● Action item
Print the data below exactly as it stands, and keep the pictures out.

● Provided material
++++++

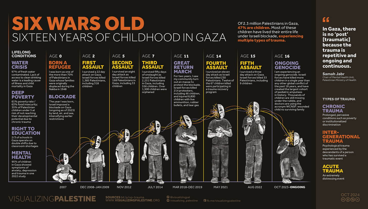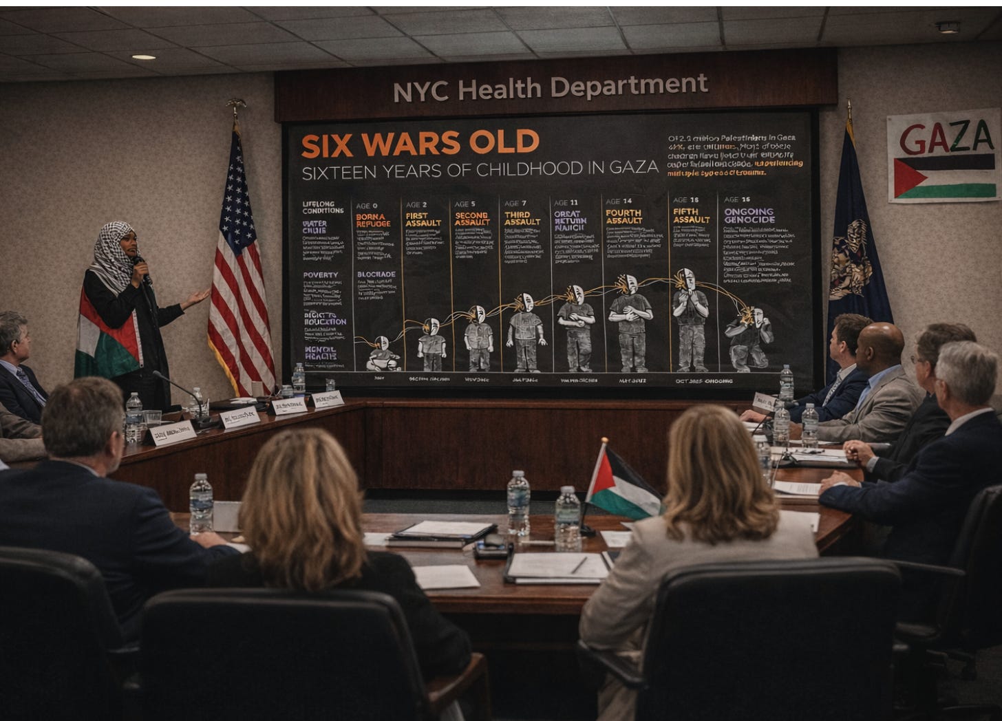 The meeting, held at the DOH headquarters in Long Island City during working hours and attended by staff both in-person and remotely, featured a presentation including graphics titled “Six Wars Old: Sixteen Years of Childhood in Gaza,” credited to Visualizing Palestine.
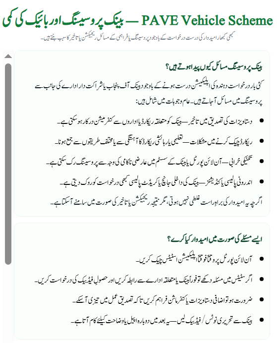 How Do Bank Processing Issues Affect the PAVE Vehicle Scheme?
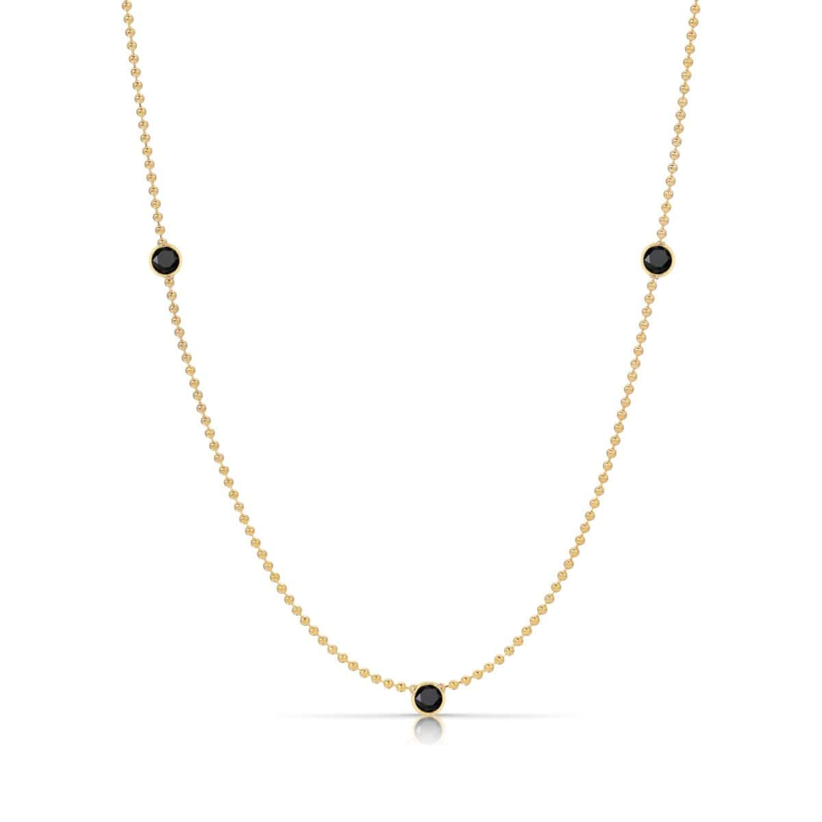 A Triple Birthstone Layering Necklace - Yellow Gold in Onyx - August on a white background.

++++++

● Reply
 The meeting, held at the DOH headquarters in Long Island City during working hours and attended by staff both in-person and remotely, featured a presentation including graphics titled “Six Wars Old: Sixteen Years of Childhood in Gaza,” credited to Visualizing Palestine.
 How Do Bank Processing Issues Affect the PAVE Vehicle Scheme?
 A Triple Birthstone Layering Necklace - Yellow Gold in Onyx - August on a white background.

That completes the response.